At Souzan we quickly switched to the Hakone Ropeway station (the mass of people was going in that direction) for the next part of the trip in a ropeway car to the Owakudani station (famous for its sulphur eggs).



After a short stay at Owakudani, it was cold and foggy so it was no possible to see Mt. Fuji, we continued on the next ropeway car towards Togendai where our boat would be ready to ferry us across Lake Ashi.



It may be noticed in the picture below that although there is a splendid view of Lake Ashi in the car, my foodcentric travel companion is fully focused on the just purchased sweet potato.



At Togendai was the base of the fake pirate ships that we took across the full length of lake Ashi to Hakone-Machi.

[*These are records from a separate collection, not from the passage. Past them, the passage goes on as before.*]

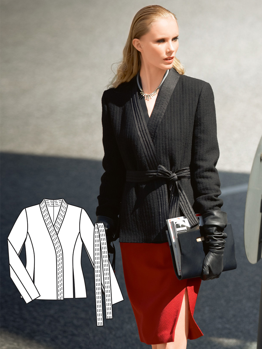 Вистрочені планки бортів, горловини і такий же пояс, що зав'язується, роблять цей жакет із запахом схожим на костюм для бойових мистецтв. Виконаний повністю в чорному кольорі, він неймовірно елегантний! Такому «кавалеру» як наш жакет потрібна гідна пара: спідниця-олівець з ефектом запаху і довгою фігурною шліцею спереду.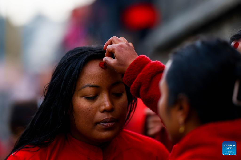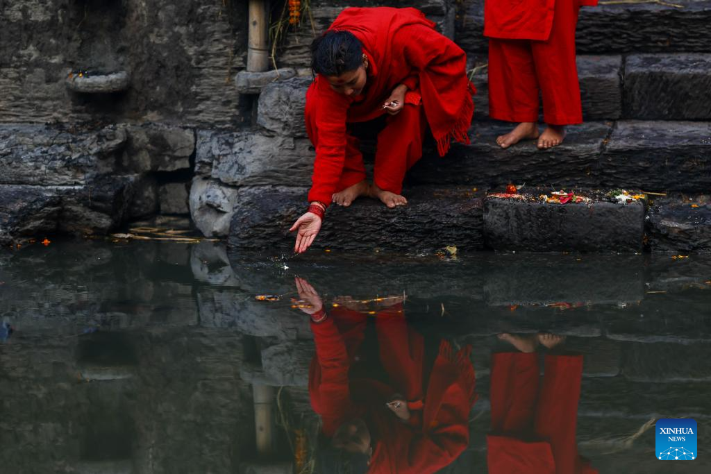 A devotee performs a ritual during the month-long Madhav Narayan Festival at Pashupatinath Temple in Kathmandu, Nepal, Jan. 18, 2026. The festival is observed through fasting and praying to Goddess Swasthani and God Madhav Narayan. (Photo by Sulav Shrestha/Xinhua)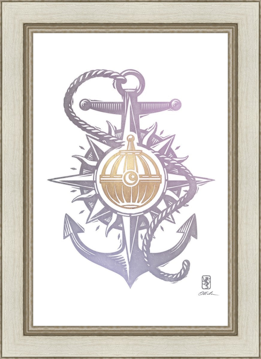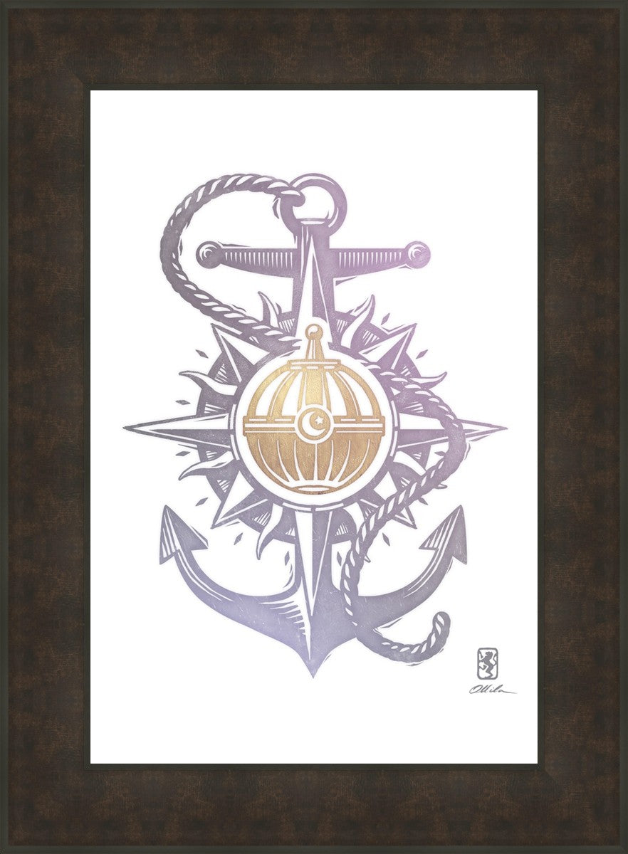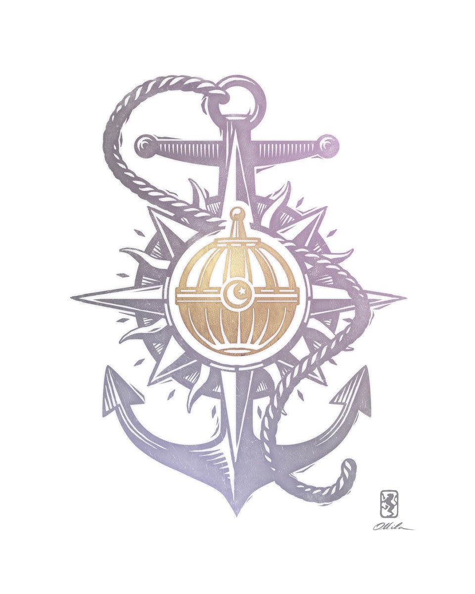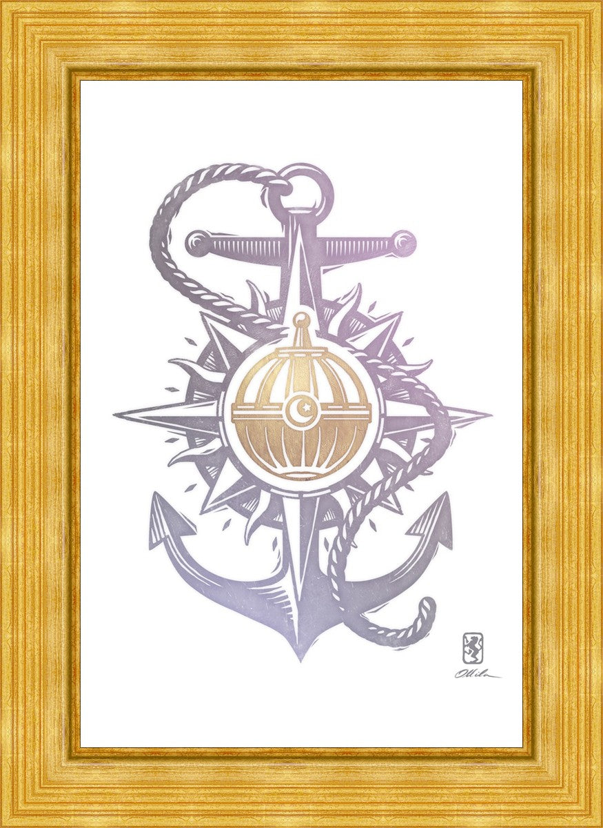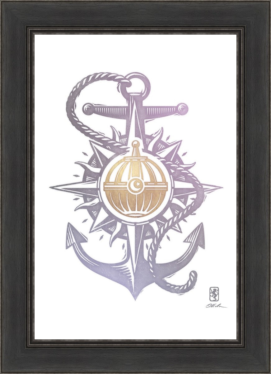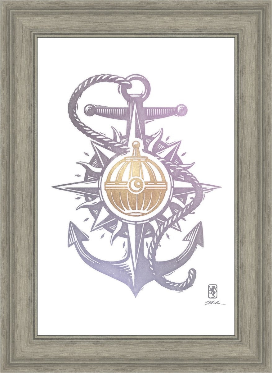 This piece is a hand carved woodcut relief print. The artist was inspired to create this piece by the story of Lehi's journey across the sea. The Liahona represents the word of Christ, which can act as a compass to guide us, and an anchor to which we may hold.

We passed several torii's along the way.



Arriving at Hakone-Machi we reasonably easy (because we followed some of the locals, as there were no signs at all for guidance) found the bus that was going to take us back to Hakone-Yumoto. We were now beginning to get tired, fortunately we were at the front of the queue so got us some seats for the rather lenghty trip in the mountain roads.

At Hakone-Yumoto we gave up trying to find the right shuttle bus and instead opted for a local taxi, that took us for a very short drive to the ryokan. The Kansuiro ryokan turned out to be quite close by, as we never got over the minimum fare. Arriving there was a bit of surprise. We had both imagined that the ryokan would be a bit away from the small road (which turned out to have quite a lot of traffic) but the entrance was directly at the road side. There was a slight stress as we had the full attention of all the employees, the reason for that became apparent during the evening and which I will write about in a later blog entry.



Finally we could rest.

Tuesday, October 20, 2009

Tuesday to Tokyo Tower, a walk in a garden and in a boat to Asakusa

Getting up early quickly became a problem for us, tuesday was even worse than yesterday.

We took the Yamanote circle line to Hamamatsucho station, that is only about 15 minuttes walk away from Tokyo Tower. So I unpacked the Nikon D90 outside the station in front of the World Trade Building and we walked towards the gate to the Zojoji temple, which stands across a somewhat busy road, to finally arrive past the front gate, to the area, where the Tokyo Tower also becomes fully visible behind the Zojoji temple.



The temple area has become slightly more touristy since 2½ years ago, with mechandise being sold by monks at a stall to the left just past the gate, which makes it a bit inconvenient to make an all wide shot of the premises.



Between the temple and the tower is a small park that was filled with school children and some adults having their lunch. Well we had started pretty late out on this day.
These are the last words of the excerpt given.